THE INPUT below:

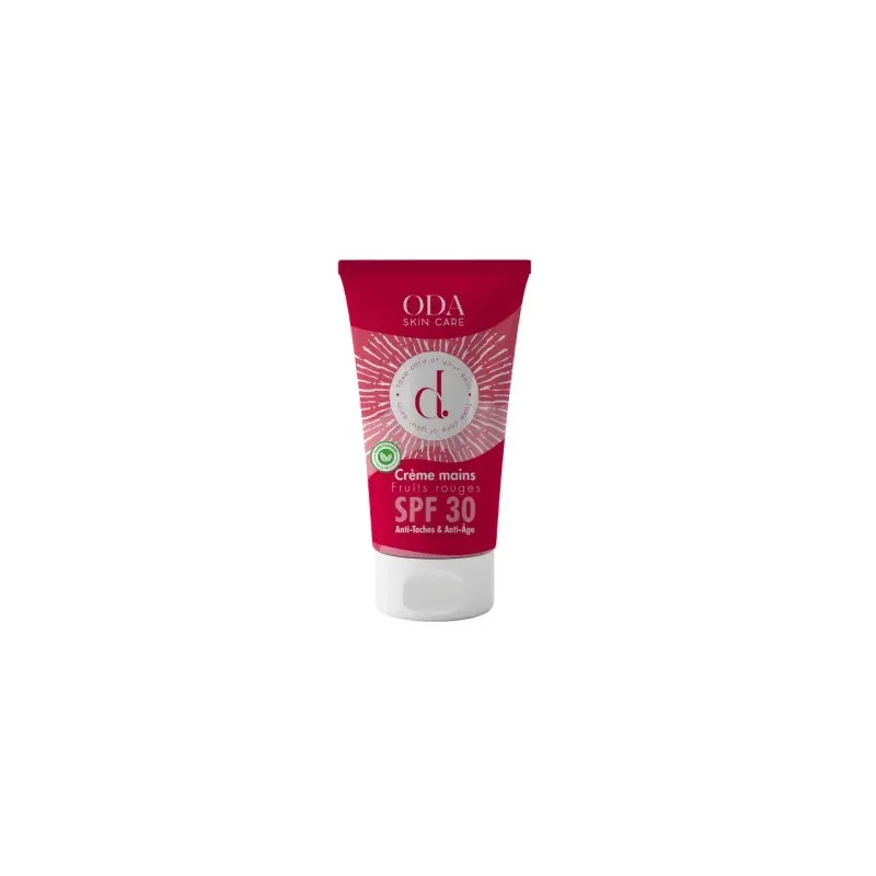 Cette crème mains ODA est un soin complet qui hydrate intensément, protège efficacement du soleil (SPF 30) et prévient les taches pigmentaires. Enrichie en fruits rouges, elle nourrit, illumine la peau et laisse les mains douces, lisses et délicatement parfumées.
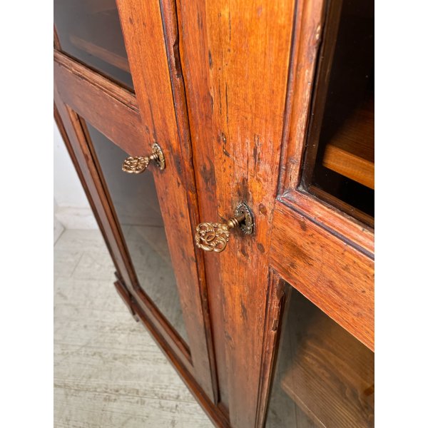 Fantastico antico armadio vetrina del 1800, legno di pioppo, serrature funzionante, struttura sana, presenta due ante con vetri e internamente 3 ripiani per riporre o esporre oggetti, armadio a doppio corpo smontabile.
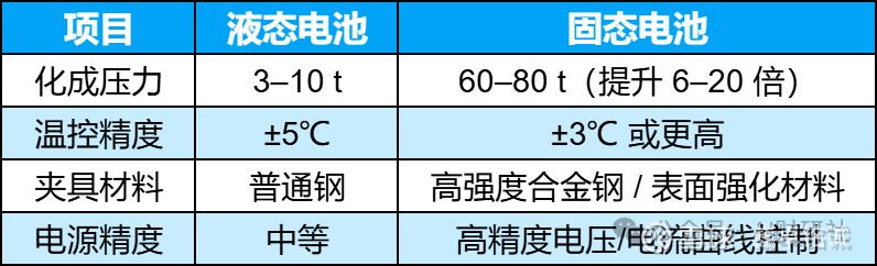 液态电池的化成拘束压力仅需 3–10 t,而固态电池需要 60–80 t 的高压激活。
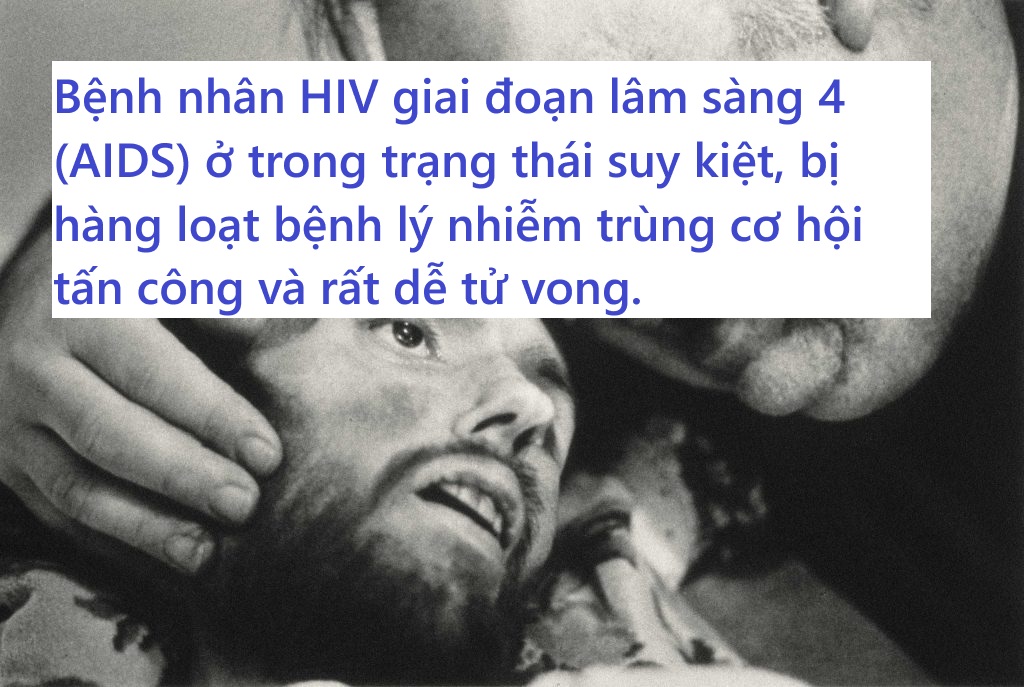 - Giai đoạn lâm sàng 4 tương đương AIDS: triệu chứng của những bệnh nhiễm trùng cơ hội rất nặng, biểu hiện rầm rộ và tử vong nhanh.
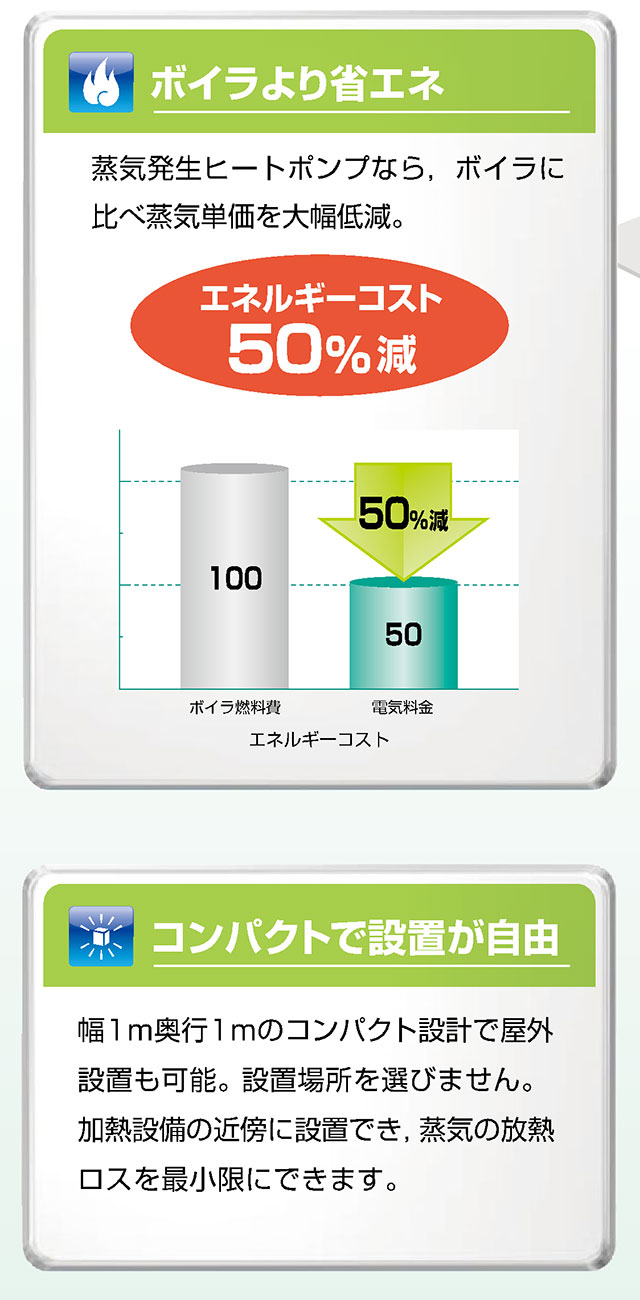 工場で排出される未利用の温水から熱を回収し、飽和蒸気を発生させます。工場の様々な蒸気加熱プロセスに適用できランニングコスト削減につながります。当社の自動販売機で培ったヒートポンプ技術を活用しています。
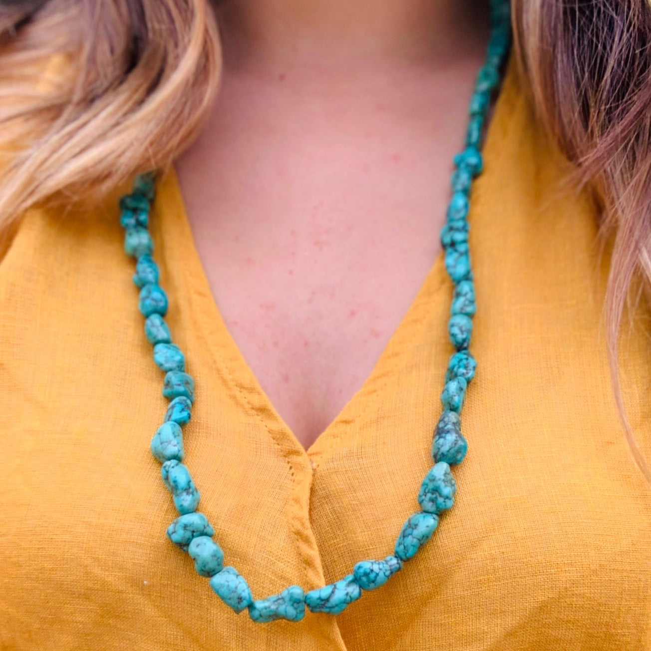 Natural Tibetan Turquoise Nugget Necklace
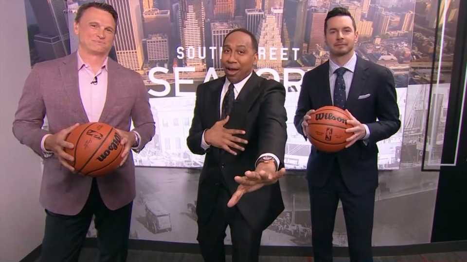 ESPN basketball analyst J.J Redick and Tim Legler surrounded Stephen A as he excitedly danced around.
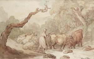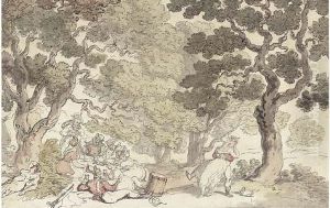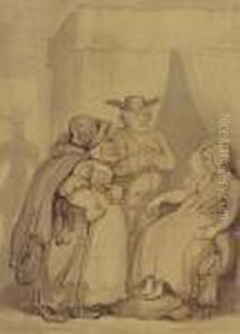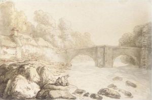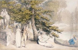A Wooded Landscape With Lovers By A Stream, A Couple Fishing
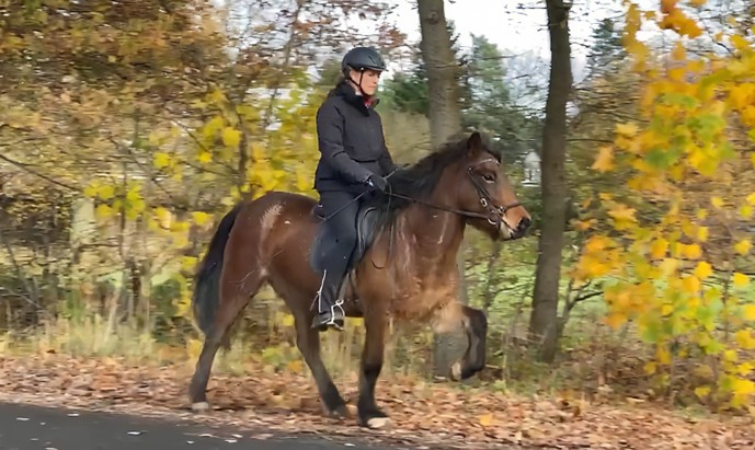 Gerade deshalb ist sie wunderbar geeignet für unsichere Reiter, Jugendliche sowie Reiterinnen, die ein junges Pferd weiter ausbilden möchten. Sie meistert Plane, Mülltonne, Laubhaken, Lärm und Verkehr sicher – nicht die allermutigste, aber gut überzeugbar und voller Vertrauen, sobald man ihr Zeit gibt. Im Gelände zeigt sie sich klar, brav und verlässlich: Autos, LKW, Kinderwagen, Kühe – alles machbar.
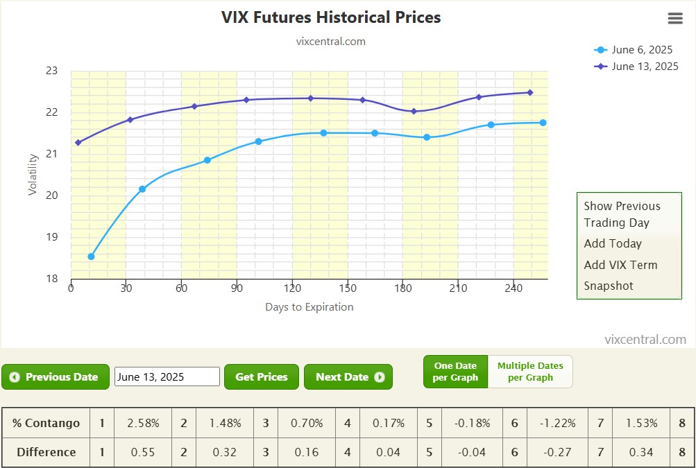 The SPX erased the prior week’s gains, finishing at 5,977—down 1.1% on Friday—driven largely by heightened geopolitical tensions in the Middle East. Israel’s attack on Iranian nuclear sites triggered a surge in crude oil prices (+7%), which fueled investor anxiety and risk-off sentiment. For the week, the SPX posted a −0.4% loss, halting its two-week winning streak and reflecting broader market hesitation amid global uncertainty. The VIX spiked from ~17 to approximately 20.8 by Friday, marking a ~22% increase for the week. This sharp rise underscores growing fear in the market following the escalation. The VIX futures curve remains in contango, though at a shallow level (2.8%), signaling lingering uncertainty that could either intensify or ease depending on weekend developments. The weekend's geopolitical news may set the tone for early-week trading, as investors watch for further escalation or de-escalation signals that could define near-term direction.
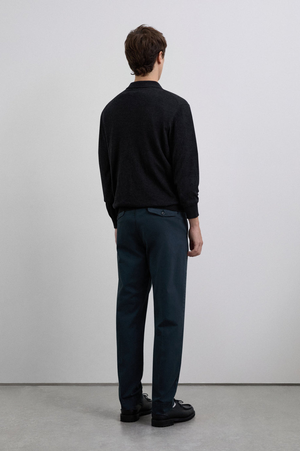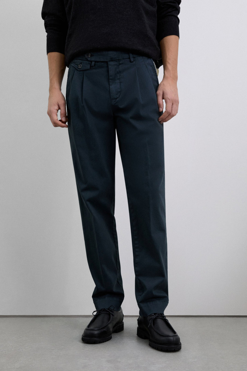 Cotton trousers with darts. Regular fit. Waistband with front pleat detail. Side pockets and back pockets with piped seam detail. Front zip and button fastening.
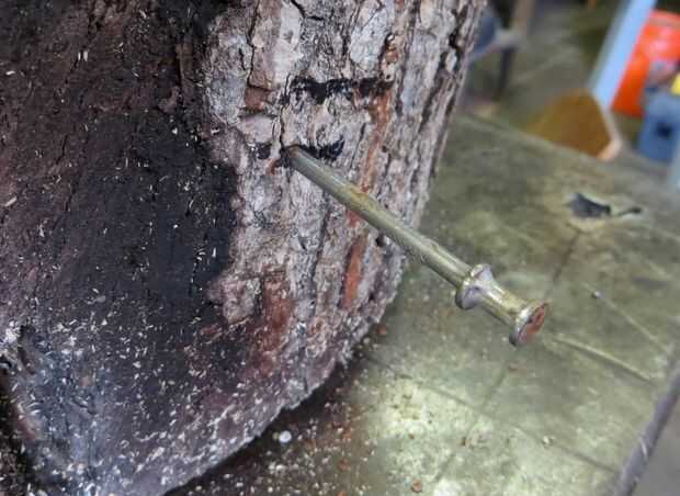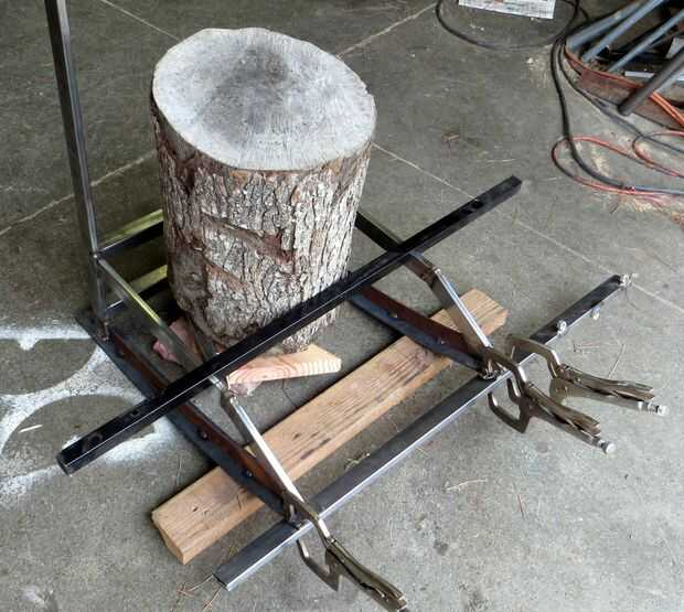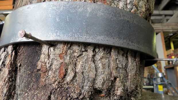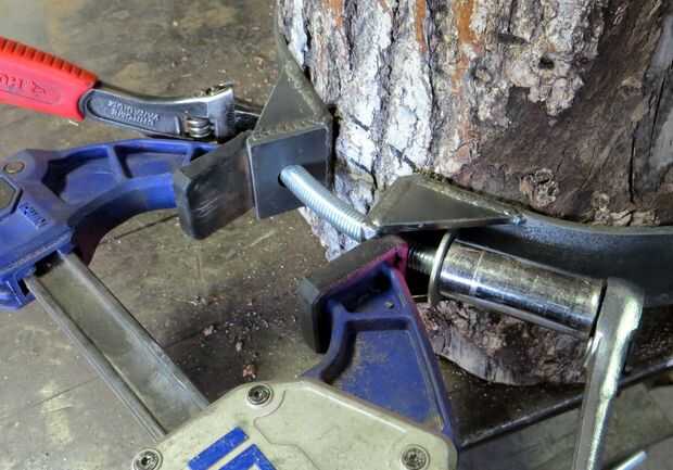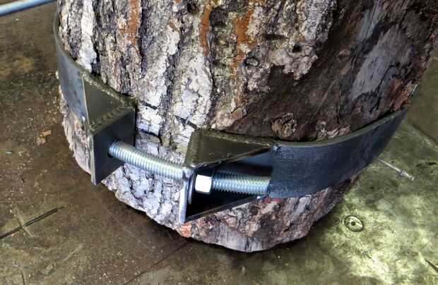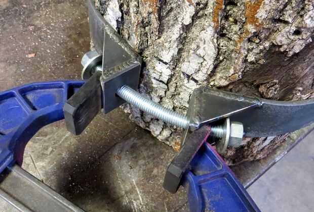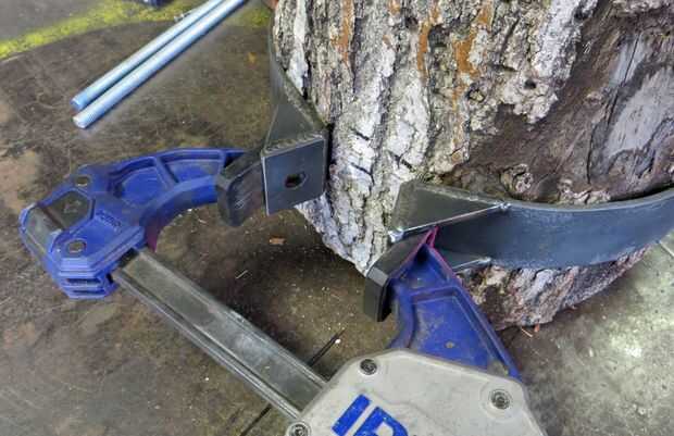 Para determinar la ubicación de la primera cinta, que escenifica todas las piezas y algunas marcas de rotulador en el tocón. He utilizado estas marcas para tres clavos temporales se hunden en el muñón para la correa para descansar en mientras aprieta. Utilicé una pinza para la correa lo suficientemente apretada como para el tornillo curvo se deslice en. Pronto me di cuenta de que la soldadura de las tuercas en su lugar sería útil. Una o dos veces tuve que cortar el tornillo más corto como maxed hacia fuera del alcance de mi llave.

End of THE INPUT.

WHAT IS REQUIRED:
Without copying any picture, repeat all of the entries exactly.

WORKED SOLUTION:
 Cette crème mains ODA est un soin complet qui hydrate intensément, protège efficacement du soleil (SPF 30) et prévient les taches pigmentaires. Enrichie en fruits rouges, elle nourrit, illumine la peau et laisse les mains douces, lisses et délicatement parfumées.
 Fantastico antico armadio vetrina del 1800, legno di pioppo, serrature funzionante, struttura sana, presenta due ante con vetri e internamente 3 ripiani per riporre o esporre oggetti, armadio a doppio corpo smontabile.
 液态电池的化成拘束压力仅需 3–10 t,而固态电池需要 60–80 t 的高压激活。
 - Giai đoạn lâm sàng 4 tương đương AIDS: triệu chứng của những bệnh nhiễm trùng cơ hội rất nặng, biểu hiện rầm rộ và tử vong nhanh.
 工場で排出される未利用の温水から熱を回収し、飽和蒸気を発生させます。工場の様々な蒸気加熱プロセスに適用できランニングコスト削減につながります。当社の自動販売機で培ったヒートポンプ技術を活用しています。
 Natural Tibetan Turquoise Nugget Necklace
 ESPN basketball analyst J.J Redick and Tim Legler surrounded Stephen A as he excitedly danced around.
A Wooded Landscape With Lovers By A Stream, A Couple Fishing
 Gerade deshalb ist sie wunderbar geeignet für unsichere Reiter, Jugendliche sowie Reiterinnen, die ein junges Pferd weiter ausbilden möchten. Sie meistert Plane, Mülltonne, Laubhaken, Lärm und Verkehr sicher – nicht die allermutigste, aber gut überzeugbar und voller Vertrauen, sobald man ihr Zeit gibt. Im Gelände zeigt sie sich klar, brav und verlässlich: Autos, LKW, Kinderwagen, Kühe – alles machbar.
 The SPX erased the prior week’s gains, finishing at 5,977—down 1.1% on Friday—driven largely by heightened geopolitical tensions in the Middle East. Israel’s attack on Iranian nuclear sites triggered a surge in crude oil prices (+7%), which fueled investor anxiety and risk-off sentiment. For the week, the SPX posted a −0.4% loss, halting its two-week winning streak and reflecting broader market hesitation amid global uncertainty. The VIX spiked from ~17 to approximately 20.8 by Friday, marking a ~22% increase for the week. This sharp rise underscores growing fear in the market following the escalation. The VIX futures curve remains in contango, though at a shallow level (2.8%), signaling lingering uncertainty that could either intensify or ease depending on weekend developments. The weekend's geopolitical news may set the tone for early-week trading, as investors watch for further escalation or de-escalation signals that could define near-term direction.
 Cotton trousers with darts. Regular fit. Waistband with front pleat detail. Side pockets and back pockets with piped seam detail. Front zip and button fastening.
 Para determinar la ubicación de la primera cinta, que escenifica todas las piezas y algunas marcas de rotulador en el tocón. He utilizado estas marcas para tres clavos temporales se hunden en el muñón para la correa para descansar en mientras aprieta. Utilicé una pinza para la correa lo suficientemente apretada como para el tornillo curvo se deslice en. Pronto me di cuenta de que la soldadura de las tuercas en su lugar sería útil. Una o dos veces tuve que cortar el tornillo más corto como maxed hacia fuera del alcance de mi llave.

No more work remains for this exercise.